Well if you have shapes like circles or rectangles it's not a big deal to create an inner shadow by shrinking the shape arounds it's center and vary the color from shades of black to translucent (for radial shapes you could also use a

*java.awt.RadialGradientPaint()*to achieve the same effect).

This means if you would like to create an effect like an inner shadow it's all about scaling. For standard shapes like ellipses and rectangles it's not a big deal but the real problem will become visible when it comes to polygons because you can't shrink every polygon around it's center (in this case i mean the center of the boundary box) as i'll show you later.

**Center of gravity**

You might know the center of gravity (aka Centroid) from 3-dimensional objects but in fact you could also calculate the center of gravity for an area. But why do we need to calculate this point ?
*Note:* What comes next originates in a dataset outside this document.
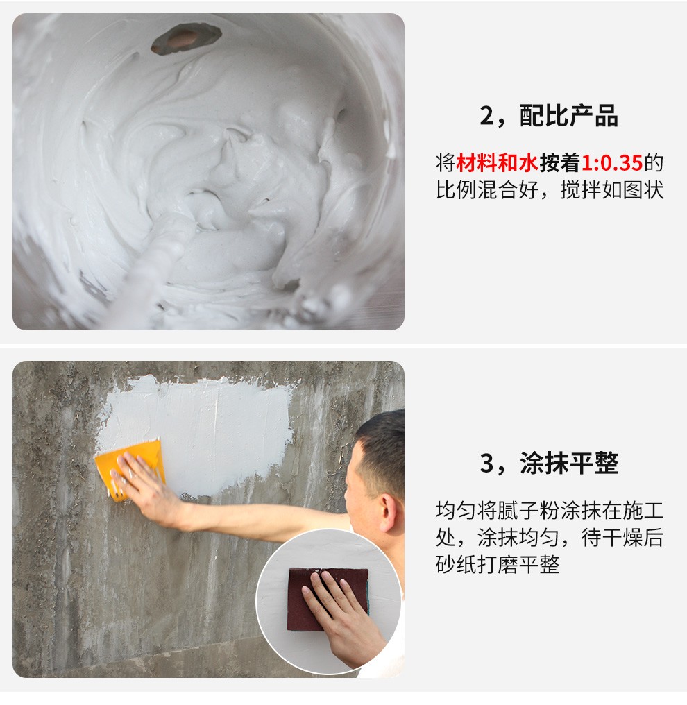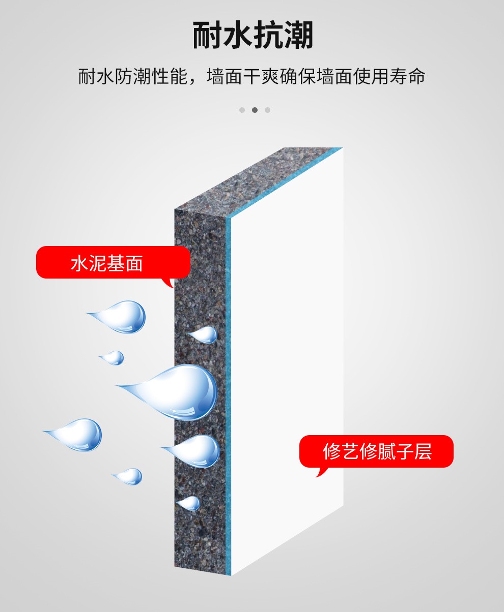 粘结性强,耐水性好,透水性好,抗裂能力强,易批刮打磨。4、超强的抗裂、耐水能力

The answer is easy, because you could scale a polygon around it's centroid which means you could create an inner shadow with the same approach that works for circles and rectangles too. To calculate the area of a polygon and it's centroid you could find lot's of information on the web. After i did some math to understand how it works i searched the web for existing stuff to not reinvent the wheel again i found this page which explains the principle and will give you some sourcecode too.

Now that i had something to start with i created a class that takes a object of the type

*java.awt.Shape*, iterates along the path, calculates the area of the polygon and centroid of the shape. By calculating the area of the polygon you have to keep in mind that negative areas (like "holes" in the polygon) have to be taken into account with a negative sign.

So the next step was the creation of a method that scales the given shape by a given factor. To achieve this i calculate the distance of each point in the polygon and multiply it with the scaling factor. With the usage of some trigonometry i calculated the new scaled position of each point and created a new shape of the type

*java.awt.geom.GeneralPath*from all the calculated points.

After some tests i tried to optimize the methods and figured out that i could use the inbuild

*java.awt.geom.AffineTransform*to achieve the scaling of the shape too.

That means i really only have to calculate the area of the polygon and it's centroid and use the centroid do translate the shape that i scaled with

*AffineTransform.createTransformedShape(java.awt.Shape shape)*.

So now i have a little helper class that will take a shape and a scaling factor as it's argument and that'll return a scaled version of the given shape.

**ATTENTION:**

The placement of the scaling does only work for convex polyons !!!

**Convex polygon:**

A convex polygon is a polygon where every internal angle is less than or equal to 180°. In addition to this every line segment between two vertices remains inside or on the boundary of the polygon.

**Concave polygon:**

In contrast a concave polygon will always have an interior angle that is greater than 180° (e.g. a L-shaped polygon).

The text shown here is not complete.